» HOW TO COMPLETE THIS TASK: Type out the lines below exactly, pictures excluded.

» DATASET RECORDS:
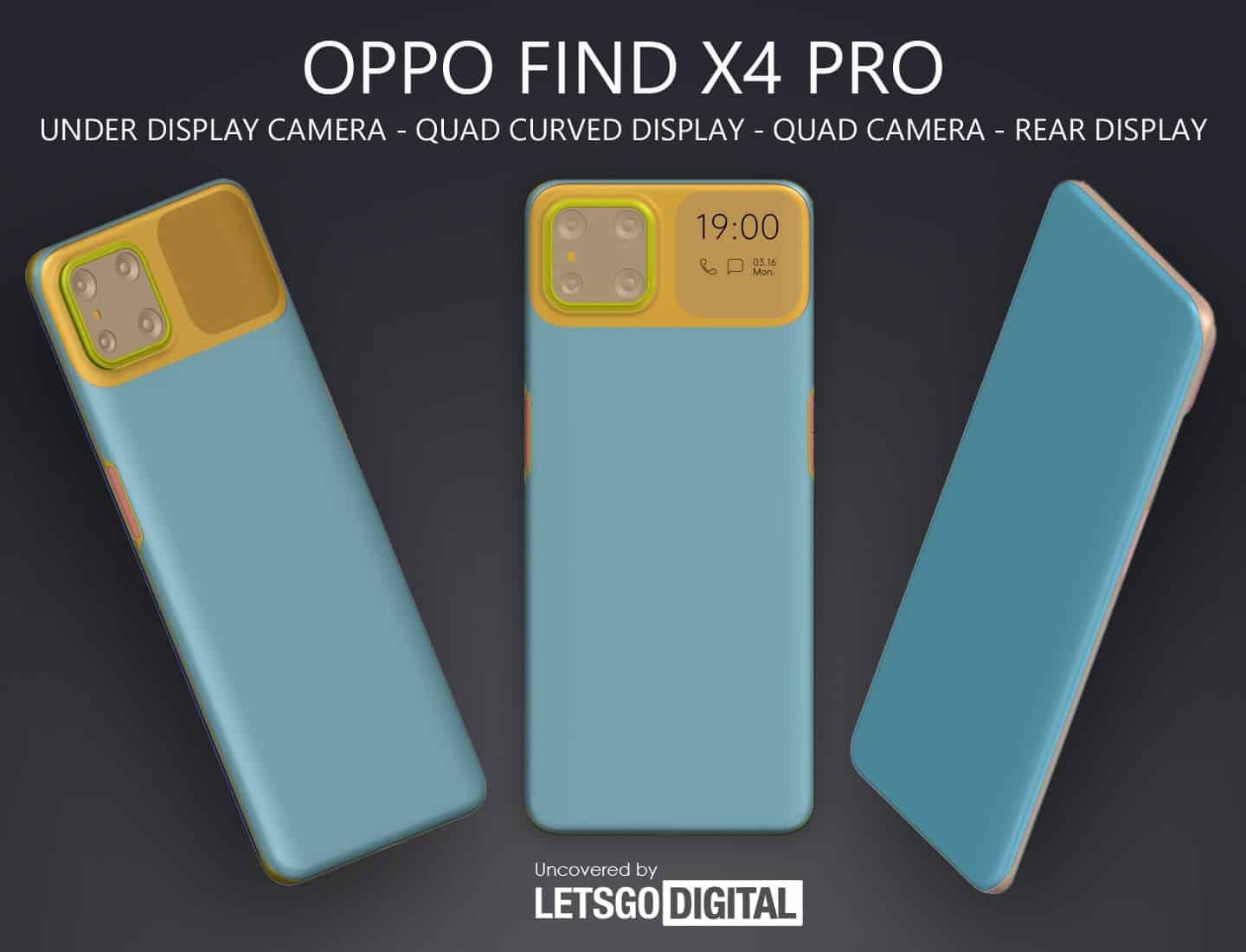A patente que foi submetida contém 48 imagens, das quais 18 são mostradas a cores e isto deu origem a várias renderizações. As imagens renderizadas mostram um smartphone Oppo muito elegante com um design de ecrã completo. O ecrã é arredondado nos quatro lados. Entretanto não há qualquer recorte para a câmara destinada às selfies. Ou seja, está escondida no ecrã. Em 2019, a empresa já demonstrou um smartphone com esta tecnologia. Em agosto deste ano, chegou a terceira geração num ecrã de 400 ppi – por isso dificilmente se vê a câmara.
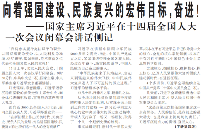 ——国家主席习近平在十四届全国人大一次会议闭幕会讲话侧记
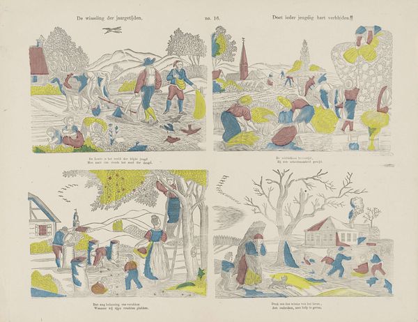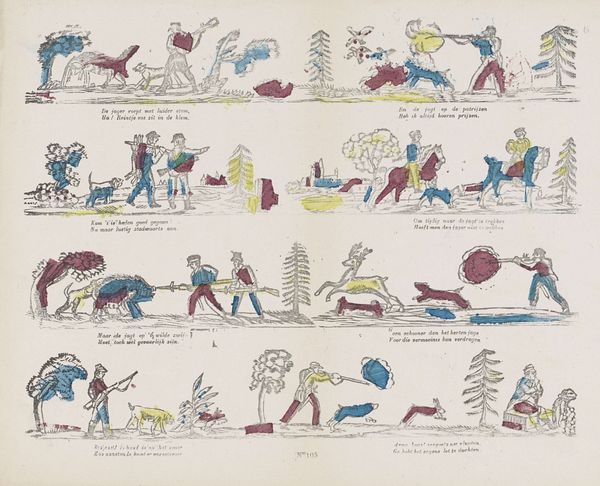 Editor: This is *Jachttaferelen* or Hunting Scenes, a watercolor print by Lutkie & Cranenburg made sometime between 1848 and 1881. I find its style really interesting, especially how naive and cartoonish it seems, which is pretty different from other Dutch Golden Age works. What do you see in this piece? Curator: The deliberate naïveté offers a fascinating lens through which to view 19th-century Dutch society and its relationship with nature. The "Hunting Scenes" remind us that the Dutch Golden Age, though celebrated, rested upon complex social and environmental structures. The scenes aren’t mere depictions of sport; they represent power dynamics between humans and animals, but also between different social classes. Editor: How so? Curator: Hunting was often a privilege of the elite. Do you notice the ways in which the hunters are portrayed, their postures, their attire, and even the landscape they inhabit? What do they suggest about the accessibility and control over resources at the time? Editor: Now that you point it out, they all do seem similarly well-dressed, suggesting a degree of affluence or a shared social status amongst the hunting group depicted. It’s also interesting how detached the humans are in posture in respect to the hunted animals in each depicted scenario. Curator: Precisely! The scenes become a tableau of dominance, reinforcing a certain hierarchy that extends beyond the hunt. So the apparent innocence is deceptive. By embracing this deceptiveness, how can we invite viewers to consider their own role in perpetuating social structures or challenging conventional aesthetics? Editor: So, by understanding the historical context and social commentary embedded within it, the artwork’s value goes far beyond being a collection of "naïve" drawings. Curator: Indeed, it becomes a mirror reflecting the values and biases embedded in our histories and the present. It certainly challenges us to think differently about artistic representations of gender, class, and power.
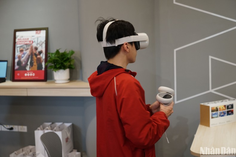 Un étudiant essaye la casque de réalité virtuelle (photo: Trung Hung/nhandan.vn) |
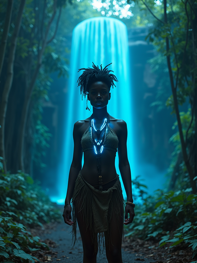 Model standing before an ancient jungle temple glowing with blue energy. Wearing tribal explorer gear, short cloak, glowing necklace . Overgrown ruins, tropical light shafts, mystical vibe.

» RESPONSE TO THE EXERCISE:
A patente que foi submetida contém 48 imagens, das quais 18 são mostradas a cores e isto deu origem a várias renderizações. As imagens renderizadas mostram um smartphone Oppo muito elegante com um design de ecrã completo. O ecrã é arredondado nos quatro lados. Entretanto não há qualquer recorte para a câmara destinada às selfies. Ou seja, está escondida no ecrã. Em 2019, a empresa já demonstrou um smartphone com esta tecnologia. Em agosto deste ano, chegou a terceira geração num ecrã de 400 ppi – por isso dificilmente se vê a câmara.
 ——国家主席习近平在十四届全国人大一次会议闭幕会讲话侧记
 Editor: This is *Jachttaferelen* or Hunting Scenes, a watercolor print by Lutkie & Cranenburg made sometime between 1848 and 1881. I find its style really interesting, especially how naive and cartoonish it seems, which is pretty different from other Dutch Golden Age works. What do you see in this piece? Curator: The deliberate naïveté offers a fascinating lens through which to view 19th-century Dutch society and its relationship with nature. The "Hunting Scenes" remind us that the Dutch Golden Age, though celebrated, rested upon complex social and environmental structures. The scenes aren’t mere depictions of sport; they represent power dynamics between humans and animals, but also between different social classes. Editor: How so? Curator: Hunting was often a privilege of the elite. Do you notice the ways in which the hunters are portrayed, their postures, their attire, and even the landscape they inhabit? What do they suggest about the accessibility and control over resources at the time? Editor: Now that you point it out, they all do seem similarly well-dressed, suggesting a degree of affluence or a shared social status amongst the hunting group depicted. It’s also interesting how detached the humans are in posture in respect to the hunted animals in each depicted scenario. Curator: Precisely! The scenes become a tableau of dominance, reinforcing a certain hierarchy that extends beyond the hunt. So the apparent innocence is deceptive. By embracing this deceptiveness, how can we invite viewers to consider their own role in perpetuating social structures or challenging conventional aesthetics? Editor: So, by understanding the historical context and social commentary embedded within it, the artwork’s value goes far beyond being a collection of "naïve" drawings. Curator: Indeed, it becomes a mirror reflecting the values and biases embedded in our histories and the present. It certainly challenges us to think differently about artistic representations of gender, class, and power.
 Un étudiant essaye la casque de réalité virtuelle (photo: Trung Hung/nhandan.vn) |
 Model standing before an ancient jungle temple glowing with blue energy. Wearing tribal explorer gear, short cloak, glowing necklace . Overgrown ruins, tropical light shafts, mystical vibe.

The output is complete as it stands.